Several sisters and partners in mission on staff attended the La Crosse White Privilege Symposium either virtually or in-person at the La Crosse Center Dec. 3-4, 2021. We invited attendees to reflect on their experience and have included Sister Maria Friedman's reflection below:

By Sister Maria Friedman

For any event I have an immediate reaction and then something that lingers.

The first night I was impressed with the 600 people registered – some in person, some online, 600 people wanting to assess their experience of white privilege. That was heartening. The next day there was keynoter #2, Jasiri X. I’m not interested in rappers, I said to myself. He turned out to be my favorite keynoter.

Now I look at what images from the conference remain. What sticks with me? I am aware of two striking truths.

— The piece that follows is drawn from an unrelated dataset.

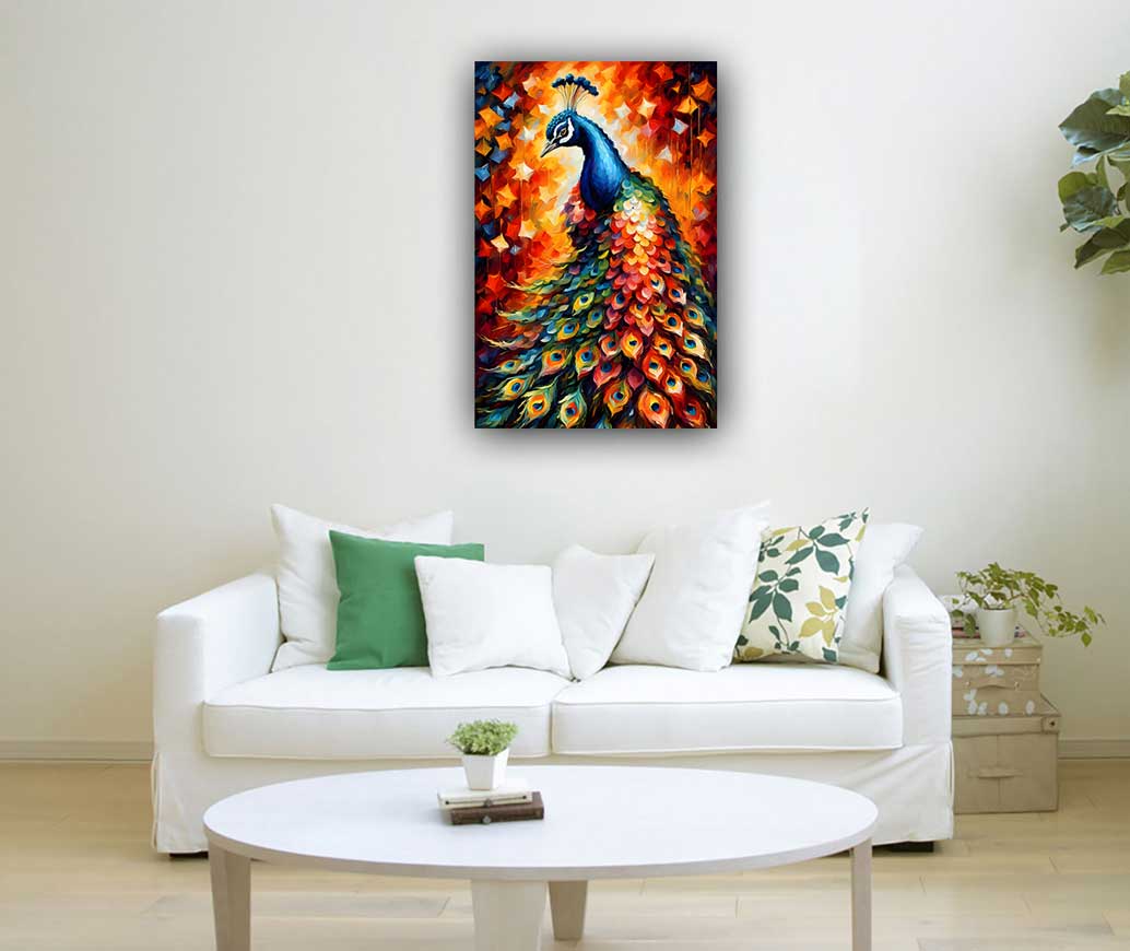 Peacock paintings hold significant importance in Vastu and Feng Shui. In Vastu, a peacock painting is believed to attract positive energy, bringing prosperity, harmony, and peace to the home. The vibrant colors and regal presence of the peacock symbolize beauty and grace, enhancing the aesthetic appeal and uplifting the mood. In Feng Shui, the peacock represents dignity, love, and prosperity. Placing a peacock painting in the living room or entrance can invite auspicious energy, fostering a balanced and harmonious environment.

#1: A person who is not included experiences deep pain. It isn’t that people are mean – though there is plenty of that – but to not include people in activities, to not invite them in, often causes them – in this case minority persons – to feel like outsiders – forever. One speaker talked of minority people saying to one another, “Why don’t white people care (about our suffering)?” That struck me.

#2: White people and minorities approach racism differently: When white people talk about race it comes from their heads, one speaker said; when minorities talk about race it’s what is in their hearts.

The overall message for me was the pain that minority people experience.

What I want to remember is always to include the outsider. It may be a person of another nationality, race, color or culture. I want to become conscious of the “outsider” in any situation and do what I can to insure s/he feels welcome. I’m not with that many people who seem “other”; I can use situations I have but I want to look for opportunities to be with “the other” in hopes of increasing my sensitivity.

I can practice inclusion in all my life experience, not only in racial situations. If I am with five nuns and a layperson, what do I do to help the layperson feel welcomed and part of the group?  Or four senior citizens and a recent college grad? Four veteran employees and one new to the job.

I want to become deeply conscious of “the other.”

Someone said to me once: “I was a military recruiter and the military likes to push service to country, the flag, the people and blah blah blah. The reality is that you are there for the soldiers next to you, for their security, survival, friendship and life.”

I like that. I am here for the person next to me, all the people next to me – for their security, survival, friendship and life.

I hope to implement this – at least a bit – in my life.